▸ **Source material**
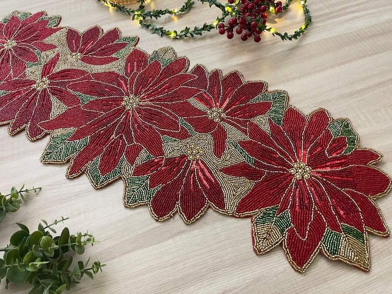 Handmade Floral Red Beaded Table Runner Customized Inch Sizes for Home and Hotel Festive Merry Christmas Decor Tabletop
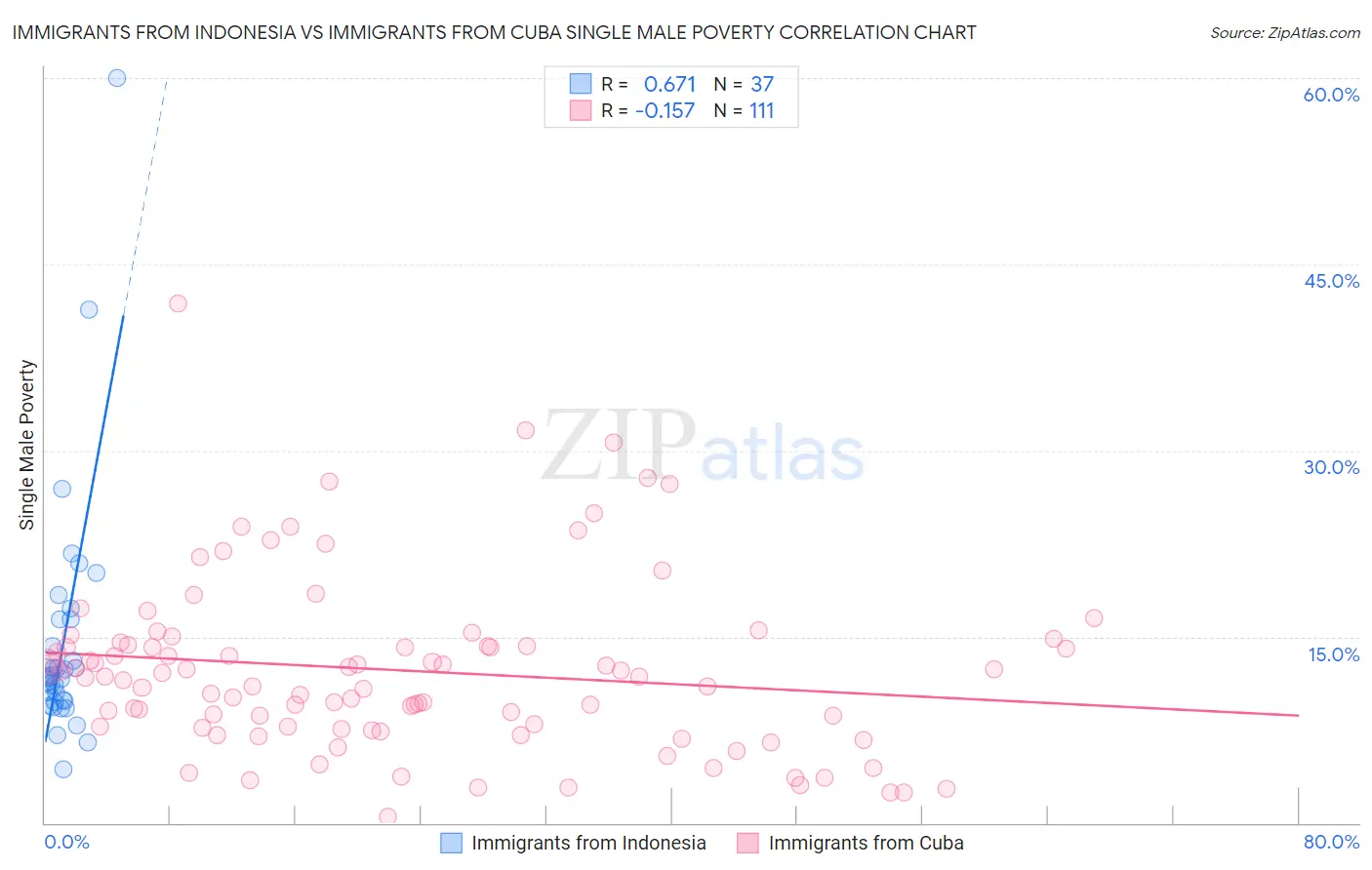 Immigrants from Indonesia vs Immigrants from Cuba Single Male Poverty Correlation Chart
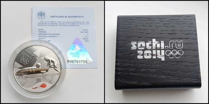 В моем случае 3 рубля - это ряд серебряных монет посвященных Олимпиаде 2014 в красивых деревянных коробочках.
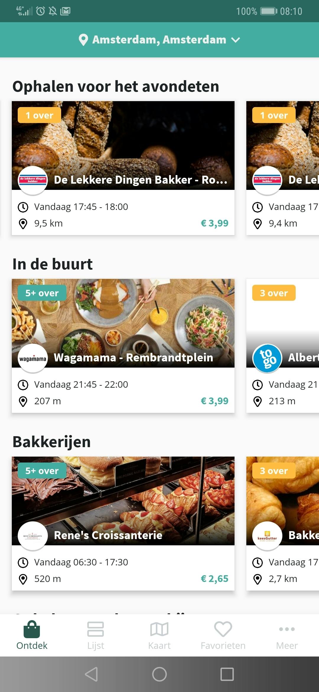 Kijk je in de Too Good To Go-app (voor Android en iOS), dan zie je wat er in jouw buurt zoal wordt aangeboden aan Magic Boxes en voor welk tijdstip. Het heeft immers geen zin om de restjes van een ontbijtbuffet pas rond etenstijd ‘s avonds aan te bieden, net als dat het zonde zou zijn voor een supermarkt om niet nog even een dag lang te proberen via de normale weg van de bijna over datum zijnde artikelen af te komen.

▸ **Task details**
Begin at the top of the material above and output each line exactly, stopping after the line that holds "В моем случае". Leave out pictures.

▸ **Task solution**
 Handmade Floral Red Beaded Table Runner Customized Inch Sizes for Home and Hotel Festive Merry Christmas Decor Tabletop
 Immigrants from Indonesia vs Immigrants from Cuba Single Male Poverty Correlation Chart
 В моем случае 3 рубля - это ряд серебряных монет посвященных Олимпиаде 2014 в красивых деревянных коробочках.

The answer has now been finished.